This one could go in so many directions for me, ugh! I have actually been thinking about what I was going to write on here for the last few days and it has kinda got me stressed out. Oh well guess I will just dive right in.
So when I first started thinking about this I was like, so my first love would have been in elementary school, and it was TJ Wickman. I know I know for those of you Midway folks but yes it was him....and then the week changed and there was someone new on the playground to chase :) So the first, chase me on the playground, write all over my notebook kinda of love was TJ.
Then jr high and high school came and I really didn't date anyone. I would like someone for a while and then we would start talking and then I was over it. Nothing lasted more than a few months until my crush was someone new. Looking back on it now, I hate the fact that I would do that. I just thought that the next guy would be the one that I would REALLY like and the one that I would want to spend more time with but it never happened. I was never content so I never really had a first love in high school.
Once college came I did meet someone and I did fall in love with him. He was my first love...or so I thought. The love I had for him was just on the surface, and didn't go much further than that. We rushed into a lot of things and because of that things ended in heart break. We did care a lot about each other and there was love there but now I see the difference.

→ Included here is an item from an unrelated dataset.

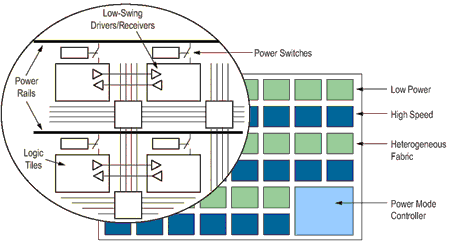 圖3所示為具有上述某些概念的FPGA架構(gòu),其可編程異構(gòu)架構(gòu)由高速度和低功耗兩個(gè)區(qū)組成。一個(gè)片上功耗模式控制器可管理各種降功耗模式,即深睡眠模式、懸掛模式和休眠模式。在架構(gòu)內(nèi)部,可以用專用的供電開關(guān)關(guān)掉每個(gè)邏輯塊的電源。通過布線架構(gòu)的通信信號(hào)流經(jīng)低擺幅驅(qū)動(dòng)器和接收器,以降低互連功耗。

Which brings us to now, my first and last love. My husband is the man that I can truly say is my first true love. He is the man that comforts me when I am sad, he laughs with me, cries with me, listens to me complain about stupid crap and more. The love I have for him is not even comparable to any other love I have had in my life and because of that I know that this is love. I know it might be cheesy for me to say he is my first true love but its how I feel. He has it all...I would chase him on the playground if we were kids, I would want him to be the guy I found in high school that stuck around after a few months, and he is the guy I found after college that I love on a much deeper level than I ever thought possible. Its the type of love that no matter what is going on in my life he is my rock, my comfort, my voice and more. That to me is my first love, the love that last no matter what, the type of love that makes me want to be a better person.